SUPPLIED ENTRIES
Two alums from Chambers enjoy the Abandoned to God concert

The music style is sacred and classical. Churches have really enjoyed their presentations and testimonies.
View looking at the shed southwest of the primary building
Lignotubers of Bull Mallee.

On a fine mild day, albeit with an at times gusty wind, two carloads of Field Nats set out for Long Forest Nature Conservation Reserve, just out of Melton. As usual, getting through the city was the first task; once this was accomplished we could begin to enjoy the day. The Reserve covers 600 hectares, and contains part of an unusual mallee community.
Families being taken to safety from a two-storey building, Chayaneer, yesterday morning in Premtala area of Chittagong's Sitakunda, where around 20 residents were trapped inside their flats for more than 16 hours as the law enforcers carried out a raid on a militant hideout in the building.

--

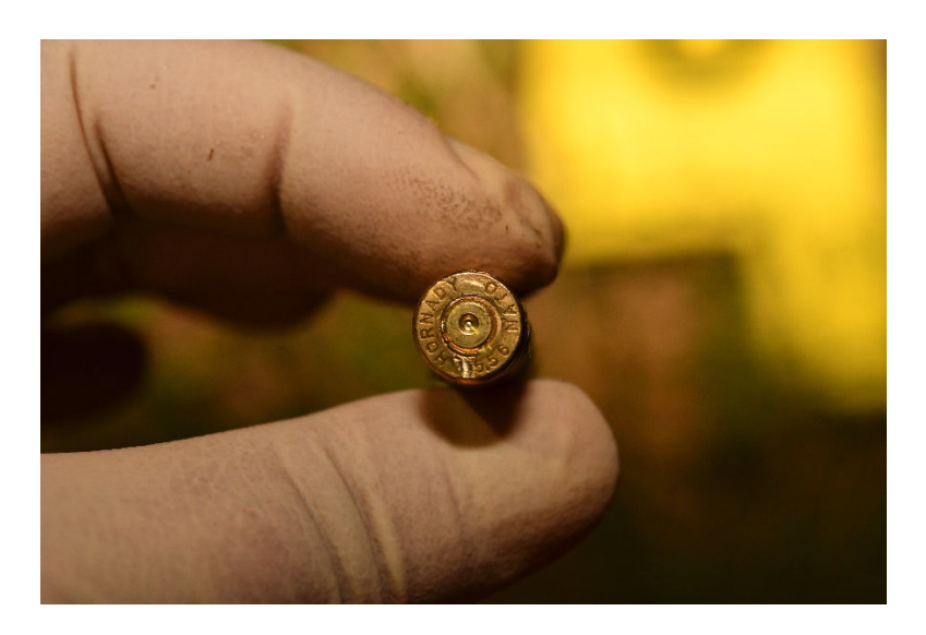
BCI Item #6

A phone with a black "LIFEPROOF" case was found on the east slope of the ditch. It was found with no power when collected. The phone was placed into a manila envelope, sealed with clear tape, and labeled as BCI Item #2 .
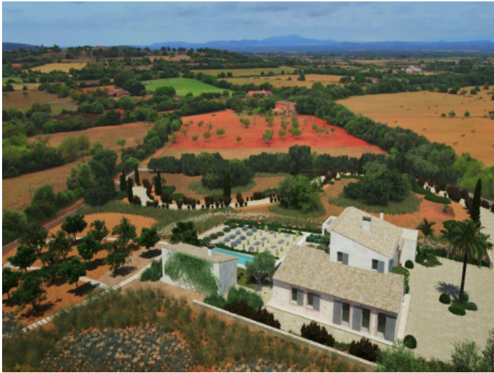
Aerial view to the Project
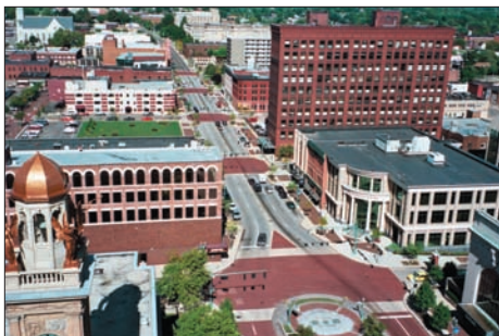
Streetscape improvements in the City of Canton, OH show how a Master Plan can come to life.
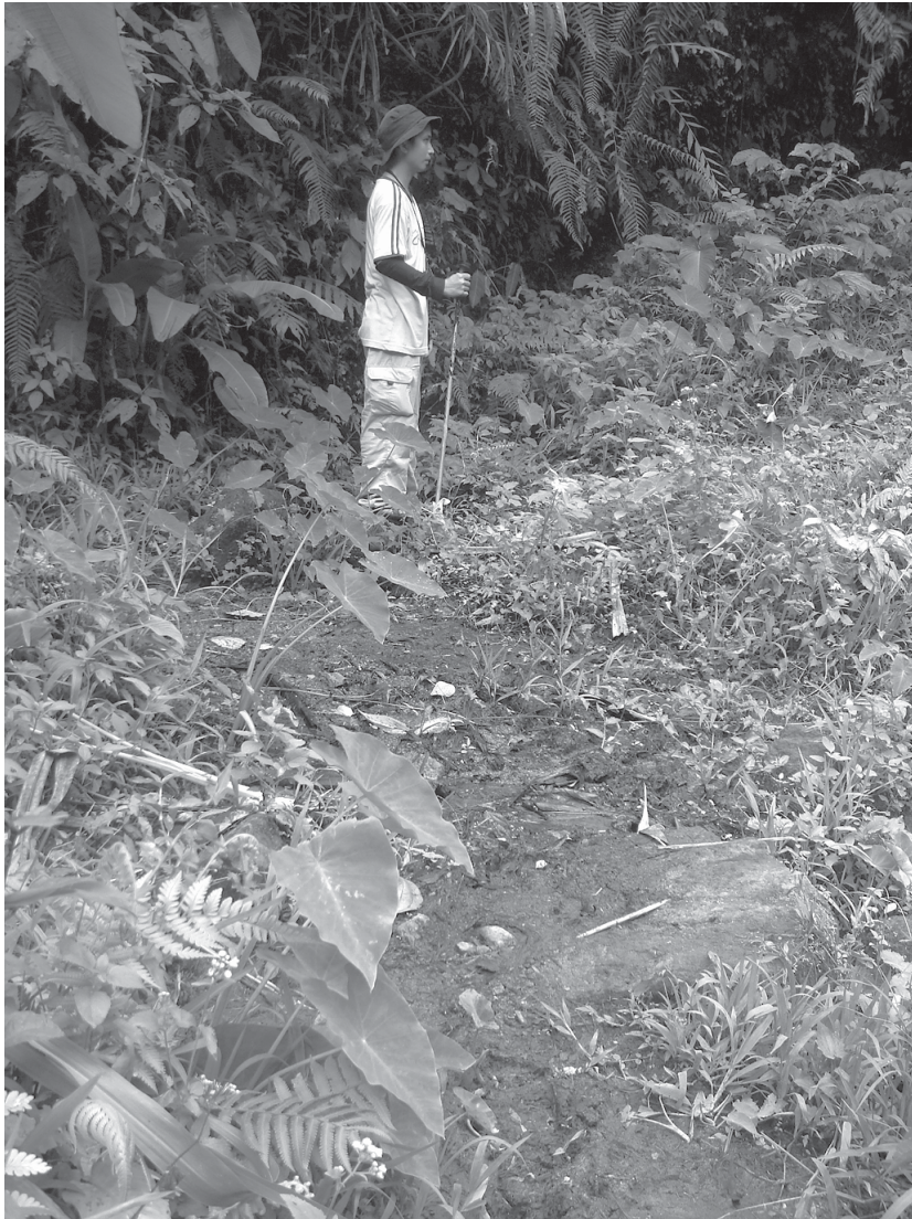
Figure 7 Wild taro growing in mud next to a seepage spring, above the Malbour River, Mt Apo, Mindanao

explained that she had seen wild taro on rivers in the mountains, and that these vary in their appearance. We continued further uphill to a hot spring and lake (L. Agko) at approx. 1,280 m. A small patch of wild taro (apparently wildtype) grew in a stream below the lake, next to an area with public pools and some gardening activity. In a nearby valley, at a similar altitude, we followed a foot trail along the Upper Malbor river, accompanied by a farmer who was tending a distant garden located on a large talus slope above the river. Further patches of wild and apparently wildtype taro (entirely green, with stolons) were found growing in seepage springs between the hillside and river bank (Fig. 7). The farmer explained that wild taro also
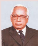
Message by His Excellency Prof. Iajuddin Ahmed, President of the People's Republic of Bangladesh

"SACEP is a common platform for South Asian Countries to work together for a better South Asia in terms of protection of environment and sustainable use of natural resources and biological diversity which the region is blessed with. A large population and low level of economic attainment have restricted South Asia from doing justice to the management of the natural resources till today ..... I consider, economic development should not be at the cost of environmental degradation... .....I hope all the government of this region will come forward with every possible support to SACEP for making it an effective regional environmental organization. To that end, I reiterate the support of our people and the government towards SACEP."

--

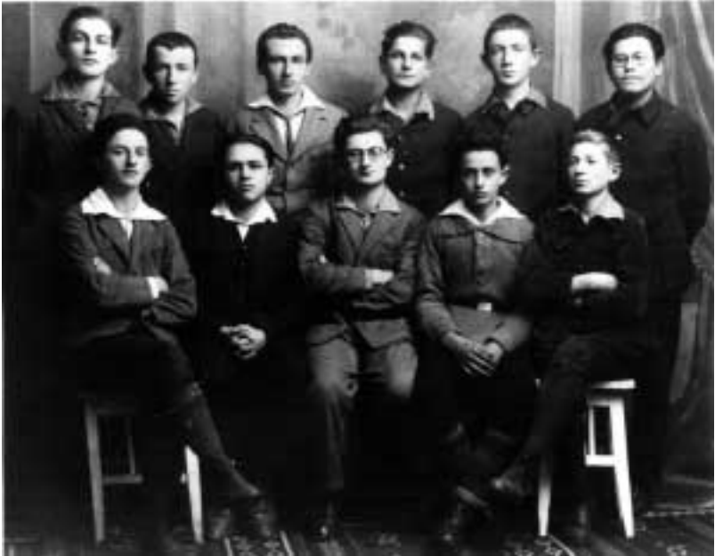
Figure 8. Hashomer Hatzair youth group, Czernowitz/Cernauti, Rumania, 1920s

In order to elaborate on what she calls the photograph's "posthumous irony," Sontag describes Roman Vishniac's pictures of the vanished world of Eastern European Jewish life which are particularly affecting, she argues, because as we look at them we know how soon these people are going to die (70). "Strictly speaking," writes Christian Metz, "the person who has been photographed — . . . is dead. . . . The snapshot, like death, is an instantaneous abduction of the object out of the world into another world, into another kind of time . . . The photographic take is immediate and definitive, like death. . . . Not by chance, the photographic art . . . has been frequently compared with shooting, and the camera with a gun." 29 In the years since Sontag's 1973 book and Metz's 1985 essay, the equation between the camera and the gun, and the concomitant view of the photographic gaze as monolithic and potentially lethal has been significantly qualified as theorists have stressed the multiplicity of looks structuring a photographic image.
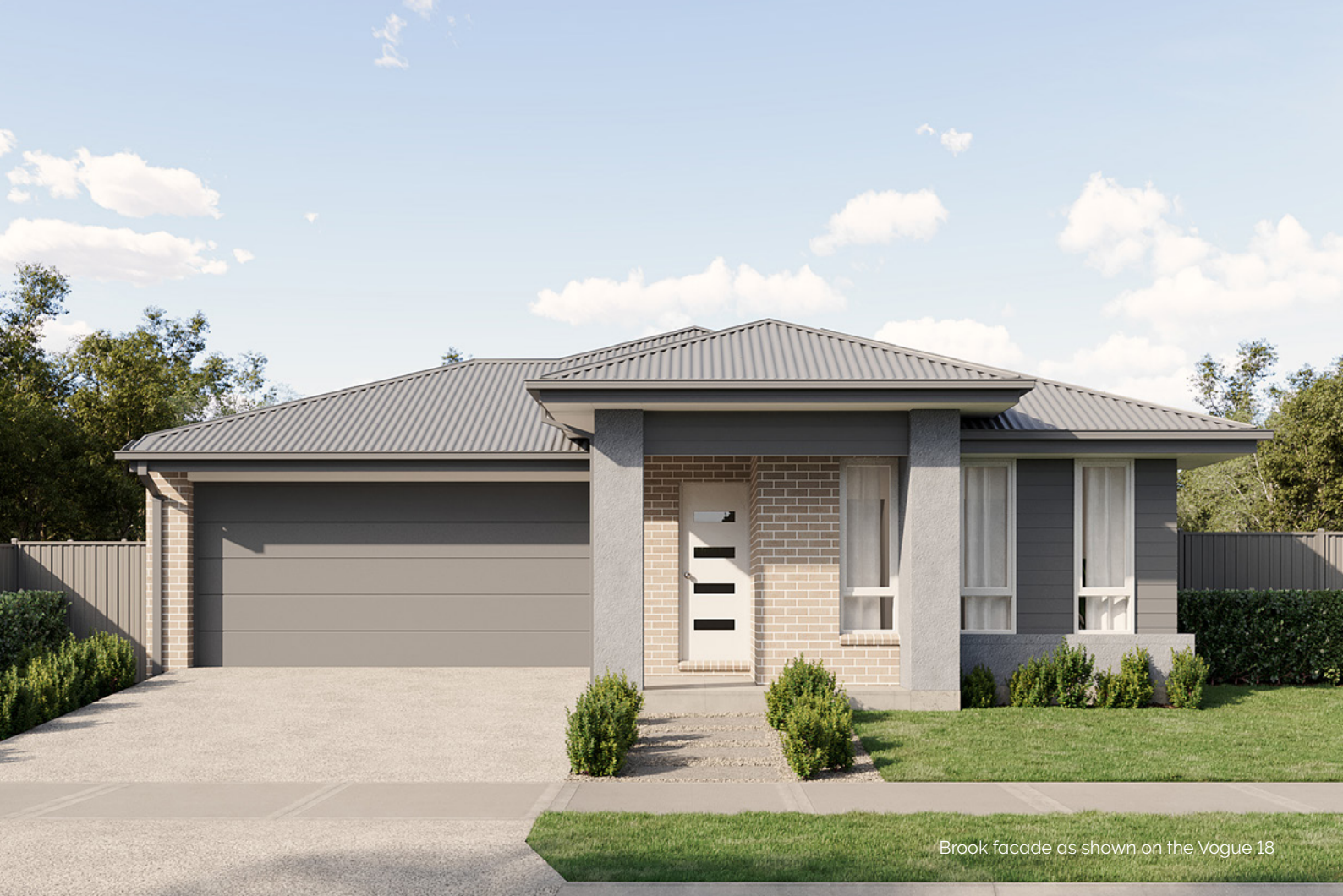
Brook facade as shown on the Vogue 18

ASSIGNED TASK
Return every line in the listing that contains the word "Figure".

RESPONSE TO THIS TASK
Figure 7 Wild taro growing in mud next to a seepage spring, above the Malbour River, Mt Apo, Mindanao
Figure 8. Hashomer Hatzair youth group, Czernowitz/Cernauti, Rumania, 1920s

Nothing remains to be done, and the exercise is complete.